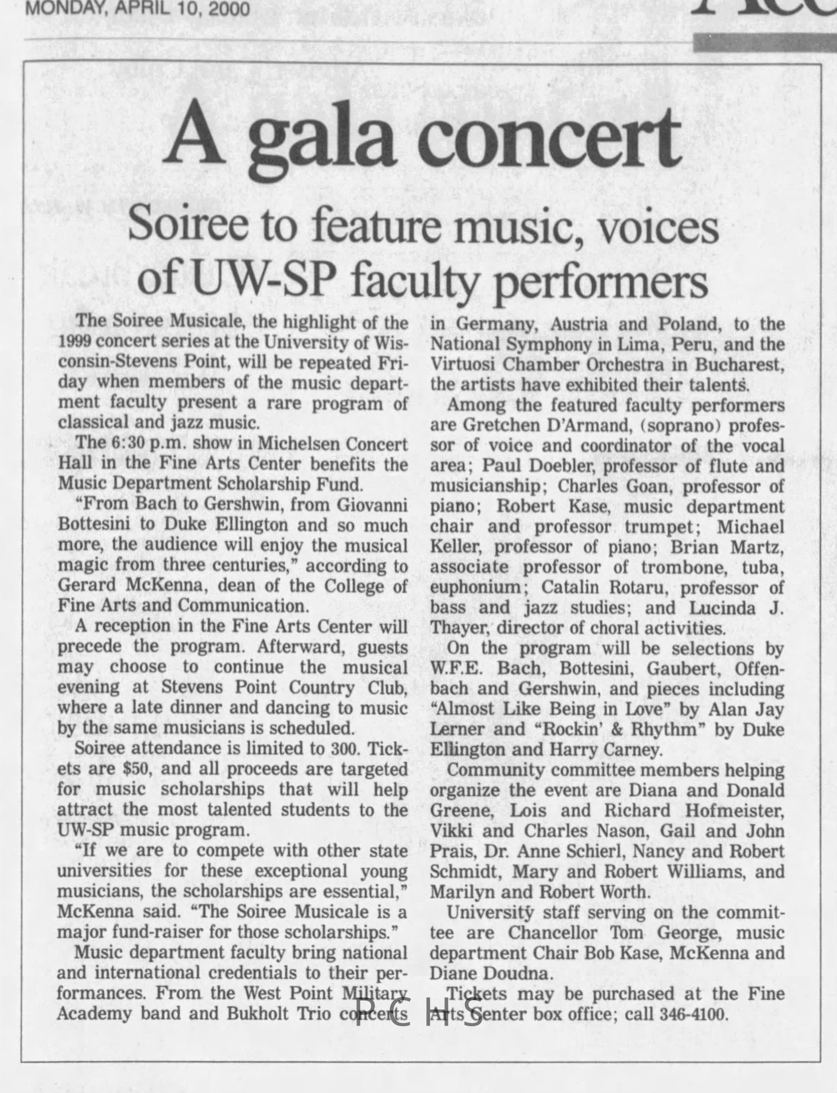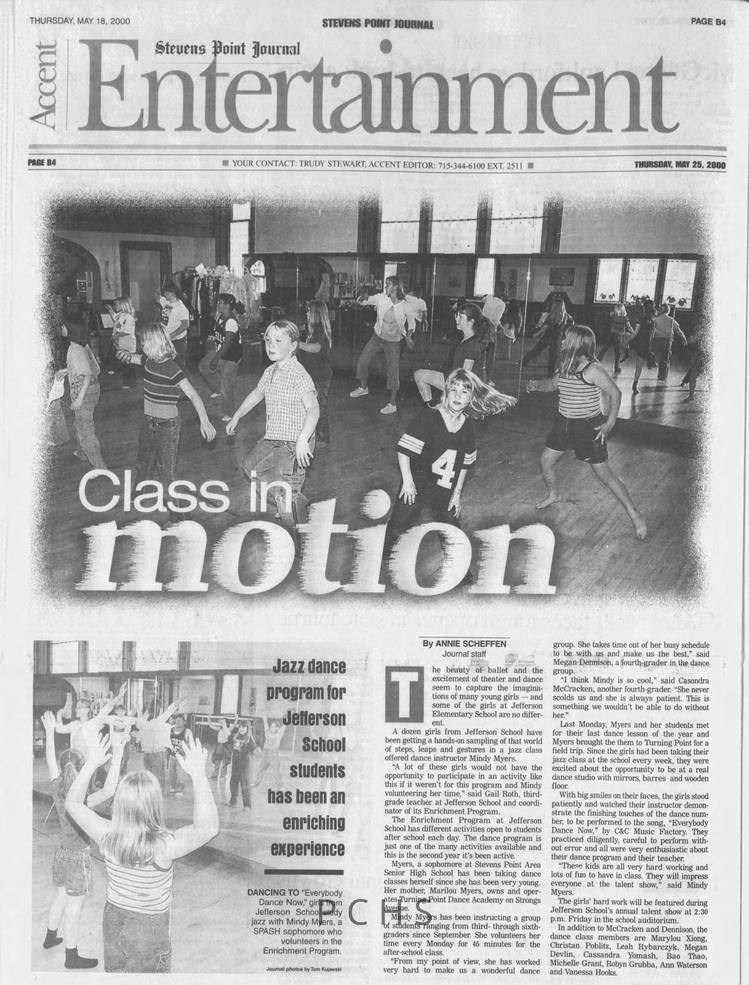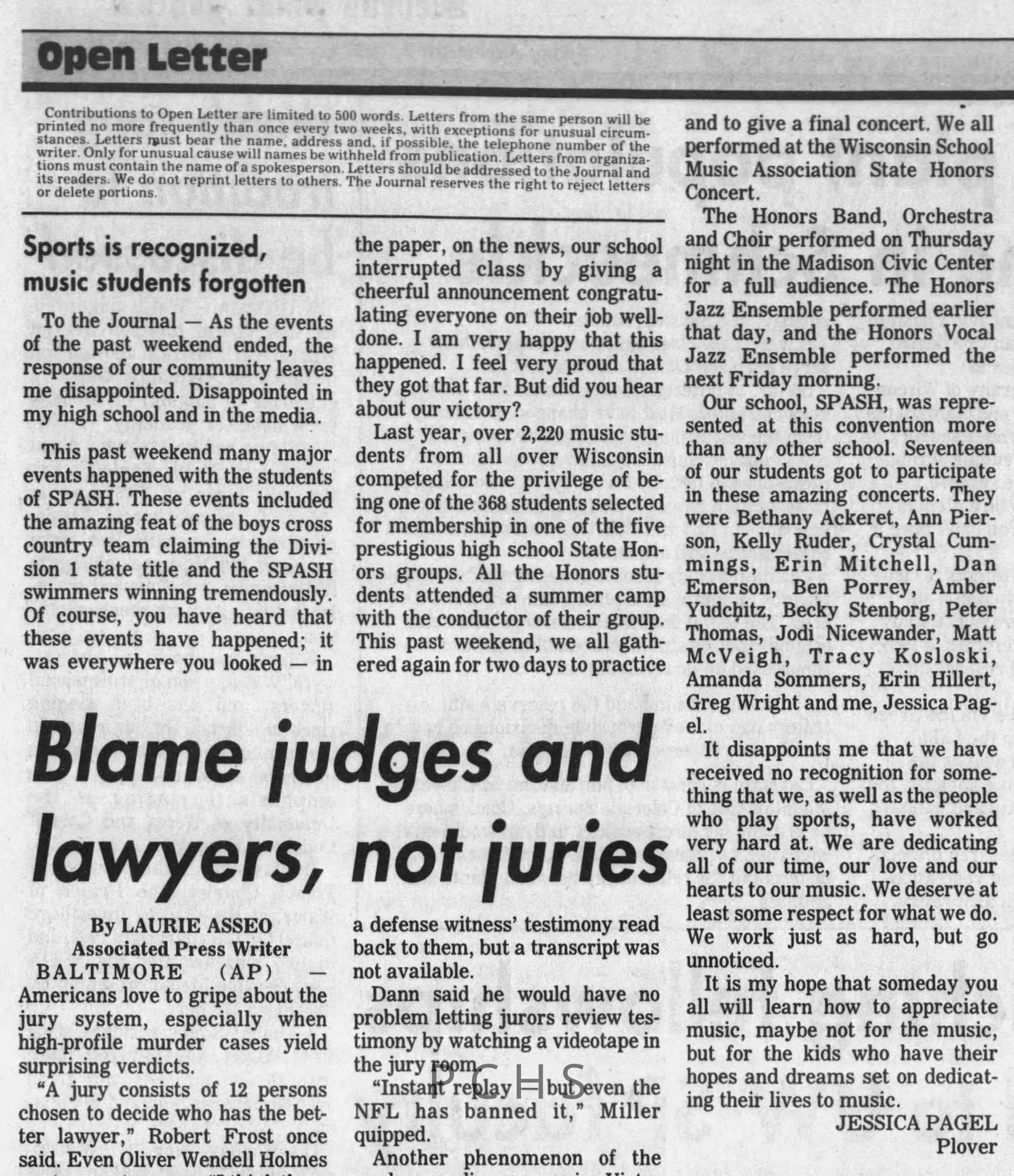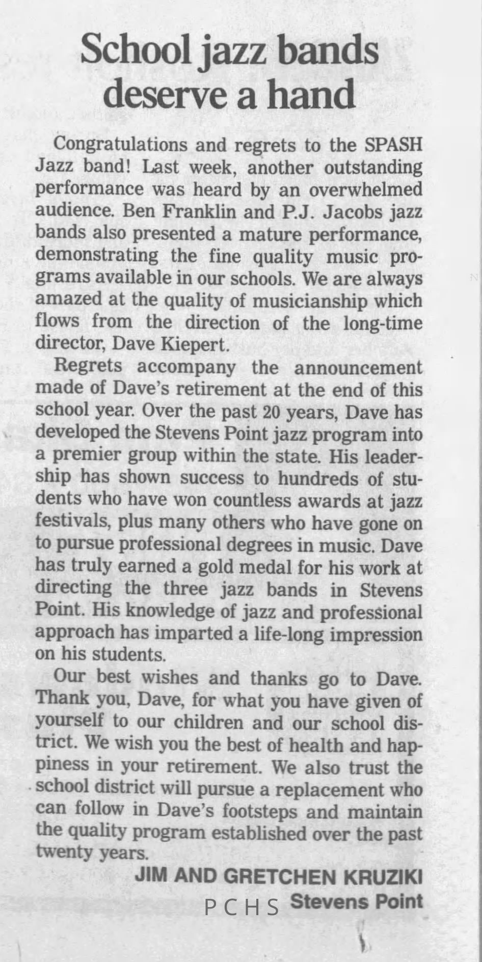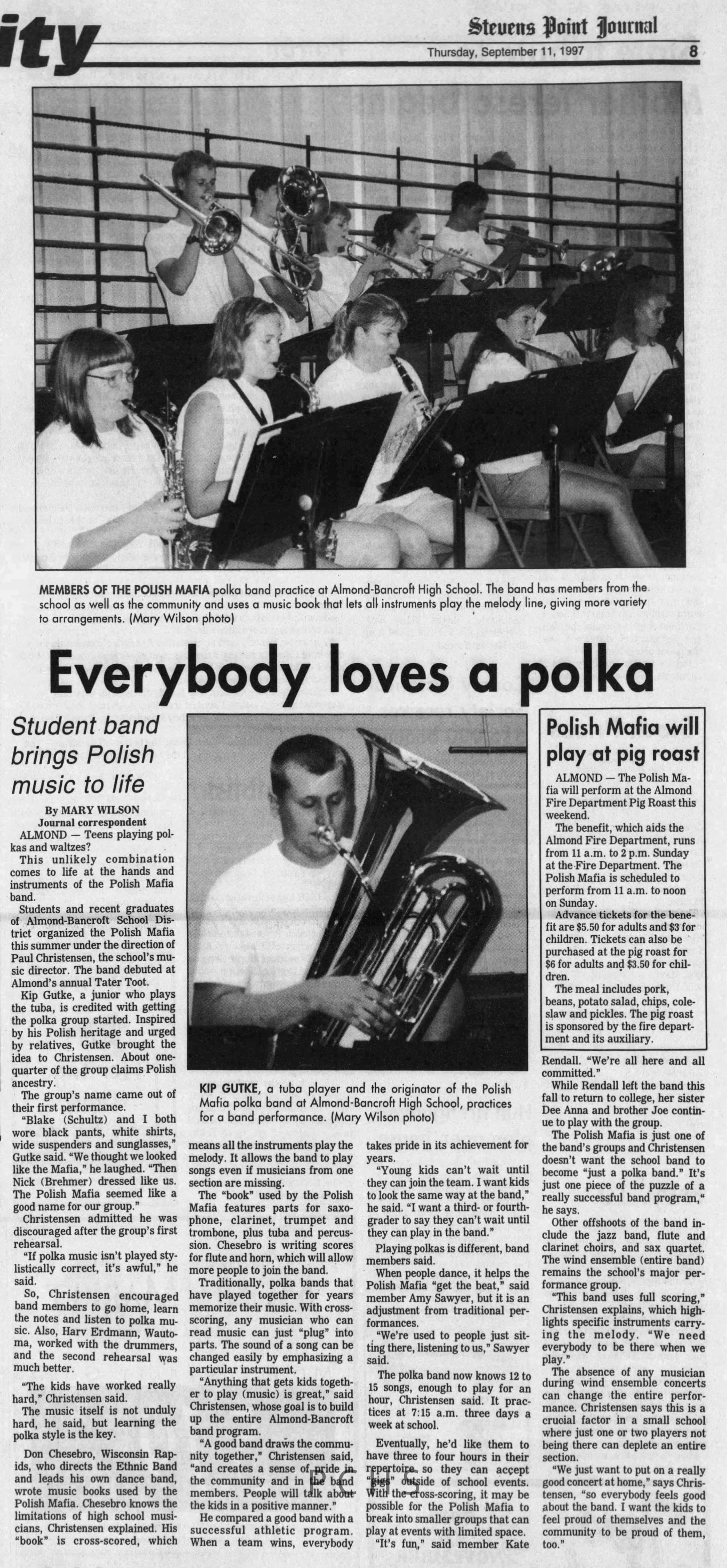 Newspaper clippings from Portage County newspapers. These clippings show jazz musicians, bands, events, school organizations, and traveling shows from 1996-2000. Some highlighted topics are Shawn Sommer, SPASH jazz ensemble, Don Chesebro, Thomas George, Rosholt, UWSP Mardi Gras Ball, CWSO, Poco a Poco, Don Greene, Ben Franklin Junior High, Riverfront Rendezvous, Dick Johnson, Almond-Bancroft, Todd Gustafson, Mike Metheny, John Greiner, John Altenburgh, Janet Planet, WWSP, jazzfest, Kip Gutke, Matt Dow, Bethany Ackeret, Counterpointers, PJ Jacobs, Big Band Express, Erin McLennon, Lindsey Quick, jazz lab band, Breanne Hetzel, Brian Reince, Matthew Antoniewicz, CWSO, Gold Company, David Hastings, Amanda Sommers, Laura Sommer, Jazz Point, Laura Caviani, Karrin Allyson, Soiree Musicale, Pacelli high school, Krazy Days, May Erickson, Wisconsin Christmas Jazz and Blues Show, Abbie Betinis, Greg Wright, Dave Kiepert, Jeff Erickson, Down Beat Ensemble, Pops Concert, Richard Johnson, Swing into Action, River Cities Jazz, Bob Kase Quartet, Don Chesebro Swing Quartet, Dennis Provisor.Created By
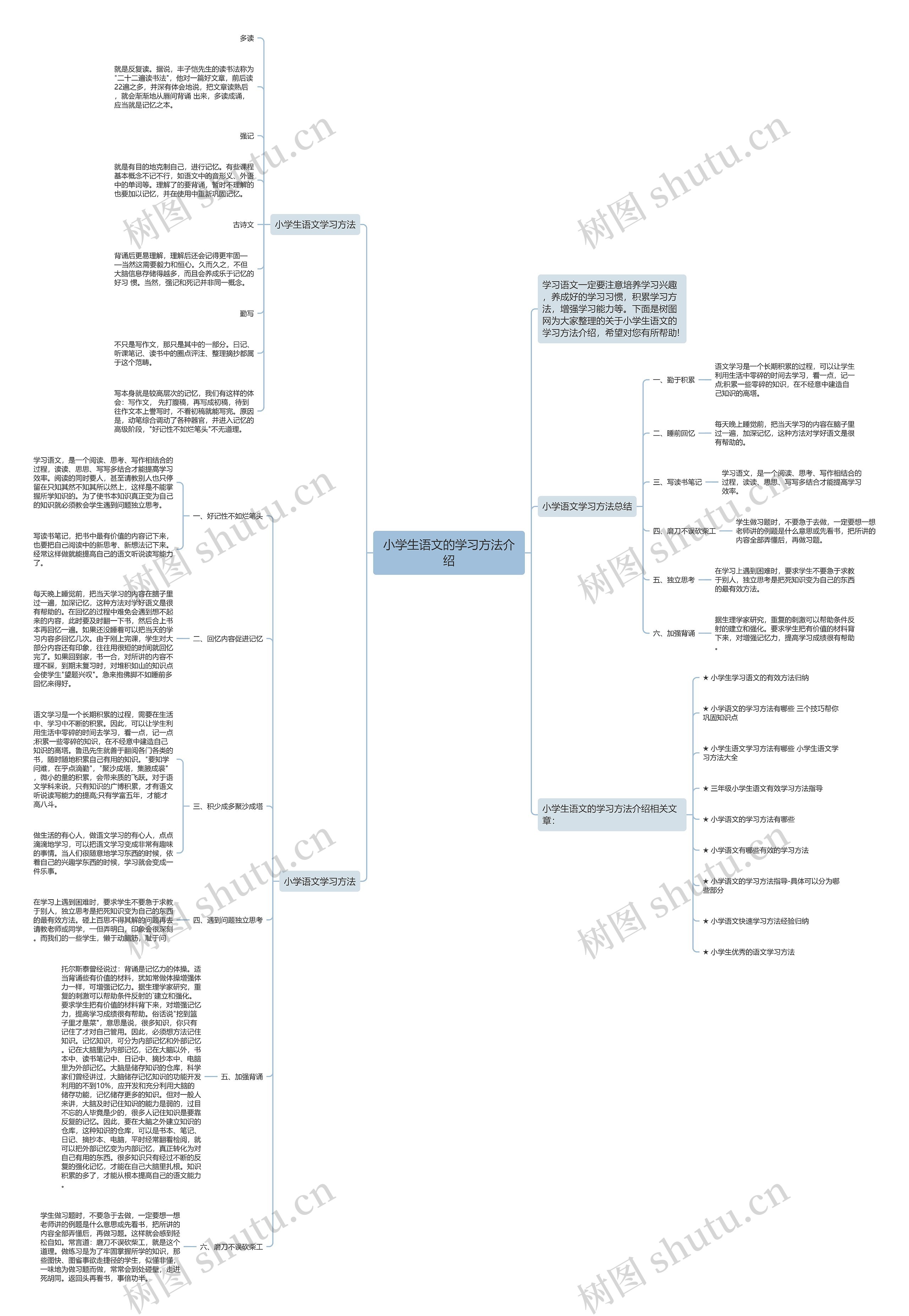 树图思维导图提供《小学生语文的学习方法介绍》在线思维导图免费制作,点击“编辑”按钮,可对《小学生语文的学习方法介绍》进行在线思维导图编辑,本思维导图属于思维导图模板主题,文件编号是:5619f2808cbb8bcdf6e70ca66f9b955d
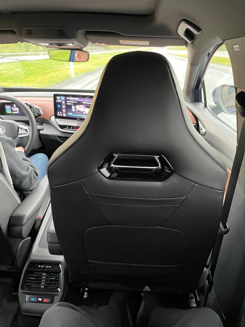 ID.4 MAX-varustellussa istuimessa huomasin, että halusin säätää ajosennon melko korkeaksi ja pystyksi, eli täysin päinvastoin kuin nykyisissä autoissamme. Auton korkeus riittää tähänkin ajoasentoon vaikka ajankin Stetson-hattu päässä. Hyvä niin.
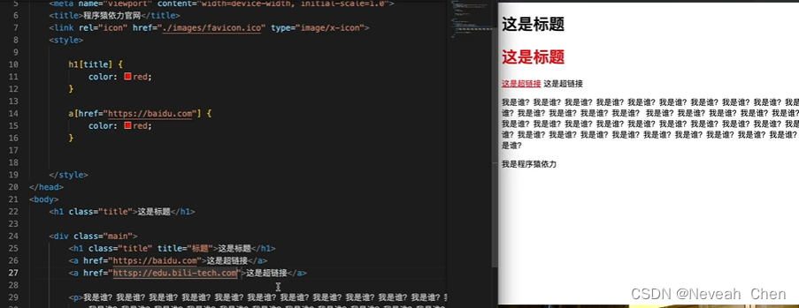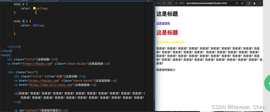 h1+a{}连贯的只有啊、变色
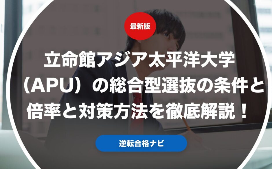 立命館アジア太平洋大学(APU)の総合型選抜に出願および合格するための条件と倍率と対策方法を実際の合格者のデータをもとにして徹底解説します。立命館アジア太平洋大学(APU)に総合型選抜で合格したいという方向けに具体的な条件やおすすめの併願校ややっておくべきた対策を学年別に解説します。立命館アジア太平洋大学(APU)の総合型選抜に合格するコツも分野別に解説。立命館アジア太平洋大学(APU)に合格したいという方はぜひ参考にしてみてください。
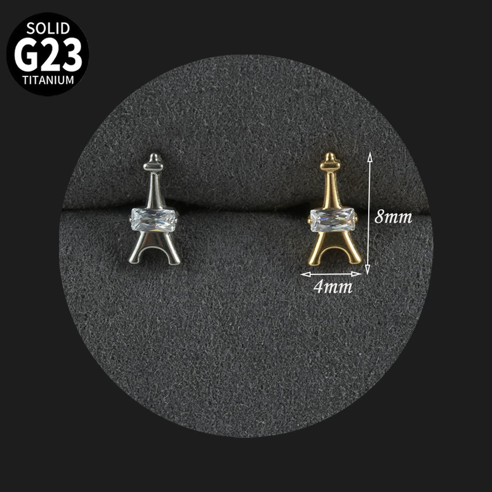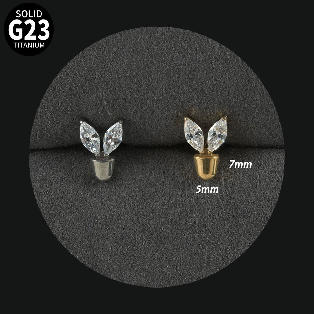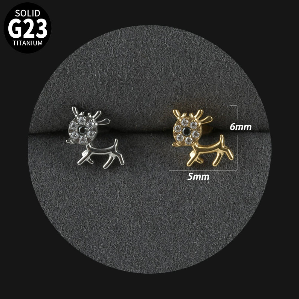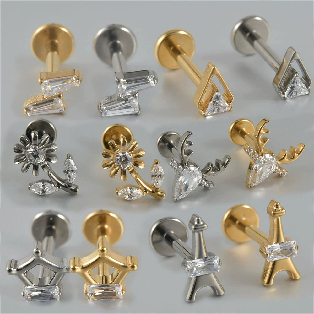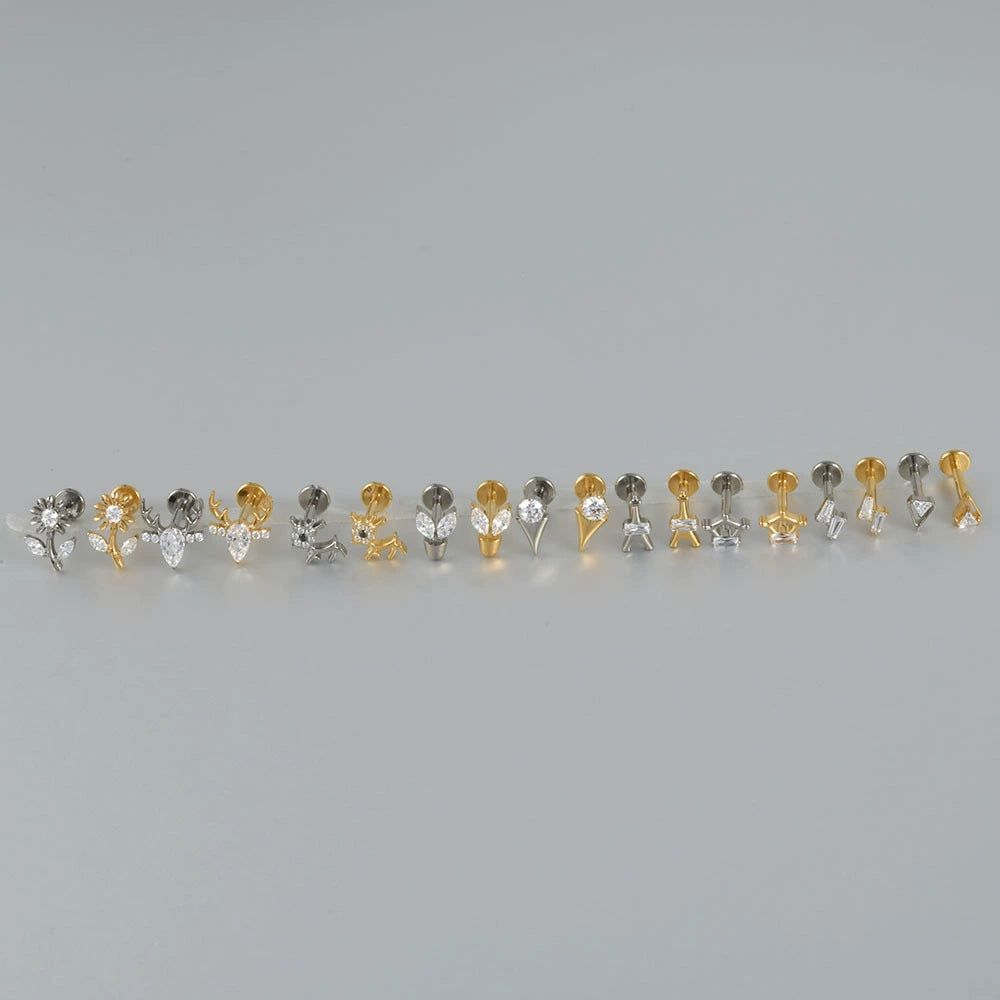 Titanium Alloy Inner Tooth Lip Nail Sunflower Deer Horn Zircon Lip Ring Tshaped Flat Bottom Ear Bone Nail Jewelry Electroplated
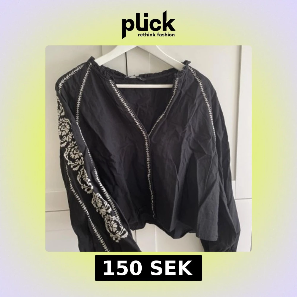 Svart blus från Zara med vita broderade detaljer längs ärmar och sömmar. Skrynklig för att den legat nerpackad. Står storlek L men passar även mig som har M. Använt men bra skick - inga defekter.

--- --- ---

◆ Activity ◆
Your task is to retype exactly, and only, the lines from the one that holds "树图思维导图提供《小学生语文" through the end of the listing, both end lines included, without any pictures.

◆ Answer space ◆
 树图思维导图提供《小学生语文的学习方法介绍》在线思维导图免费制作,点击“编辑”按钮,可对《小学生语文的学习方法介绍》进行在线思维导图编辑,本思维导图属于思维导图模板主题,文件编号是:5619f2808cbb8bcdf6e70ca66f9b955d
 ID.4 MAX-varustellussa istuimessa huomasin, että halusin säätää ajosennon melko korkeaksi ja pystyksi, eli täysin päinvastoin kuin nykyisissä autoissamme. Auton korkeus riittää tähänkin ajoasentoon vaikka ajankin Stetson-hattu päässä. Hyvä niin.
 h1+a{}连贯的只有啊、变色
 立命館アジア太平洋大学(APU)の総合型選抜に出願および合格するための条件と倍率と対策方法を実際の合格者のデータをもとにして徹底解説します。立命館アジア太平洋大学(APU)に総合型選抜で合格したいという方向けに具体的な条件やおすすめの併願校ややっておくべきた対策を学年別に解説します。立命館アジア太平洋大学(APU)の総合型選抜に合格するコツも分野別に解説。立命館アジア太平洋大学(APU)に合格したいという方はぜひ参考にしてみてください。
 Titanium Alloy Inner Tooth Lip Nail Sunflower Deer Horn Zircon Lip Ring Tshaped Flat Bottom Ear Bone Nail Jewelry Electroplated
 Svart blus från Zara med vita broderade detaljer längs ärmar och sömmar. Skrynklig för att den legat nerpackad. Står storlek L men passar även mig som har M. Använt men bra skick - inga defekter.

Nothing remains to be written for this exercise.